Threads the Assembler way

For this article, I wanted to try to use threads via pthreads, but from assembler instead of from C. Cutting to the chase, it is not only possible, but also relatively easy, but I also made many mistakes on the way there.

Perils of Assembler programming

As you know, I've written a handful of Assembler programs for my blog at this point. It seems to be a good point to talk briefly about the main difference or the main challenge I met with while programming on that level.

Having written a few medium-sized C programs (including drivers running on Windows), one might believe to know low-level programming. But writing Assembler code clearly shows that C actually is a high-level programming language. Yes, if you hear "high-level programming language", you might expect nice productivity features like garbage collection or dynamic typing (or at least language support for OOP). But if you change your point of view somewhat, you will see that C makes a lot of stuff easy, safe and comfortable.

Yes, I just said that coding in C is safe. Again, that is relative to Assembler: The main problem I had while writing my Assembler programs was that I wrote code I was quite certain it would work - how could it not, as reasoning about it seemed straight-forward? - but when running it, the output was either "segmentation fault" or "bus error".

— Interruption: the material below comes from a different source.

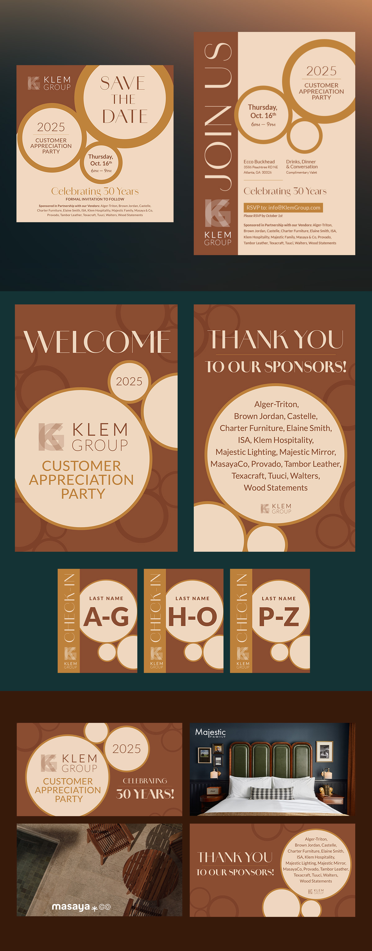 Klem Group (klemgroup.com), a premier representative of high-end interior and exterior furniture brands for hospitality and commercial projects, hosts an annual customer appreciation event to celebrate their clients and partners. This year, they wanted to elevate the look and feel of the celebration and asked me to create cohesive, high-impact graphic design for events that reflected both their brand and the venue’s sophisticated atmosphere.
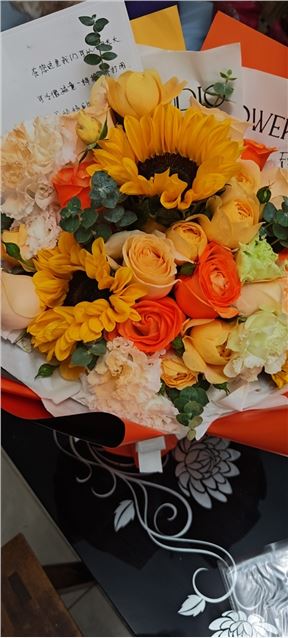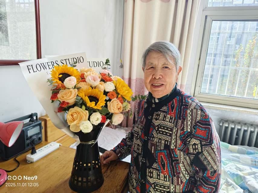 爱上海后花园 💐花束很漂亮,花语很贴切,老人非常喜欢。

Segmentation faults are no stranger to any C programmer who learned from his mistakes. They occur easily when you access a struct via a null pointer or have a use-after-free bug in your code. Or maybe you did not respect your array boundaries? There are many ways to provoke them.

Bus errors were new to me. According to wikipedia they occur on unaligned memory accesses (which is only a "problem" on amd64 if you enable checking for them, which I did not) or if you try to access memory from an address that is wholly unrecognizable for your computer.

Bus error on wikipedia

When you are coding Assembler programs, you get all the problems of C (well, most of them at least. You won't have to deal with code being optimized away). But you also get even more problems. When writing C, the compiler will yell at you if you take an int or char** and use it as an char*. Without explicit casting, you cannot get them wrong.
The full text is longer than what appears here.